Property graphs are a promising data model for rich metadata management in high-performance computing (HPC) systems because of their ability to represent not only metadata attributes but also the relationships between them. A property graph can be used to record the relationships between users, jobs, and data, for example, with unique annotations for each entity. This high-volume, power-law distributed use case is a natural fit for an out-of-core distributed property graph database. Such a system must support live updates (to ingest production information in real time), low-latency point queries (for frequent metadata operations such as permission checking), and large-scale traversals (for provenance data mining). Large-scale property graph traversals are particularly challenging for distributed graph databases, however.
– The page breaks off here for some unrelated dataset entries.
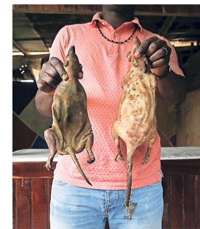
'Bushmeat', wilde dieren uit het oerwoud, zijn belangrijke verspreiders van ziekten. In Ivoorkust biedt een stroper gerookte ratten aan.

Het gevaar dat zoogdiervirussen overslaan op mensen is het meest acuut in delen van de wereld waar van nature een grote biodiversiteit is en waar tegelijkertijd veel mensen
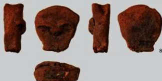
SB43B : (8)
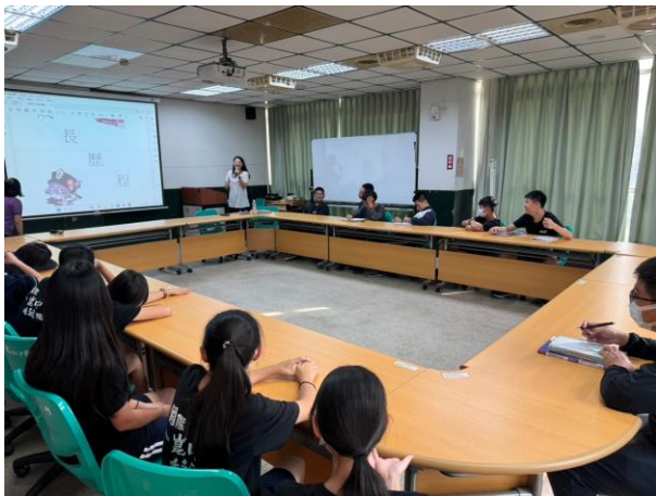
生涯檔案內頁製作方式
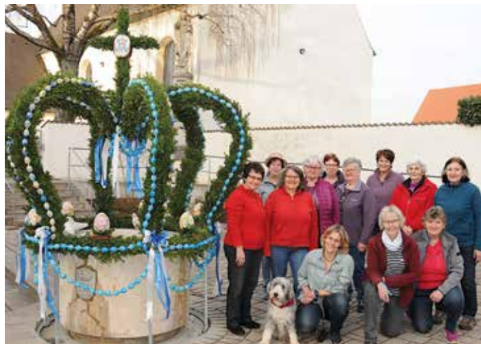
Egweil (hpg) Eine prachtvolle Osterkrone ziert den Egweiler Dorfbrunnen am Gemeindezentrum. Die Landfrauen aktiv haben ihn liebevoll gestaltet und geschmückt.
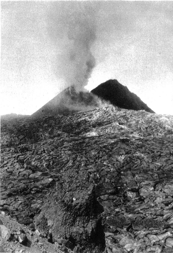
Die Aschenkegel des Vesuv vom äusseren Kraterrand aus.
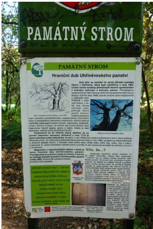
Obr. 24: tabule u „Krále dubů“ (11. 10. 2018)

Most existing graph databases implement a level-synchronous breadth-first search algorithm that relies on global synchronization in each traversal step. This traversal model performs well in many problem domains, but a rich metadata management system is characterized by imbalanced graphs, long traversal lengths, and concurrent workloads, each of which has the potential to introduce or exacerbate stragglers. We define stragglers as abnormally slow steps (or servers) in a graph traversal that lead to low overall throughput for synchronous traversal algorithms. The straggler problem can be mitigated by the use of asynchronous traversal algorithms. Asynchronous traversal has been successfully demonstrated in graph processing frameworks, but such systems require the graph to be loaded into a separate batch-processing framework. In this work, we propose GraphTrek, a general asynchronous graph traversal engine working with graph databases for processing rich metadata management in their native format. We also outline a traversal-aware query language and key optimizations (traversal-affiliate caching and execution merging) necessary for efficient performance. Our experiments show that the asynchronous graph traversal engine is more efficient than its synchronous counterpart in the case of HPC rich metadata processing, where more servers are involved and larger traversals are needed.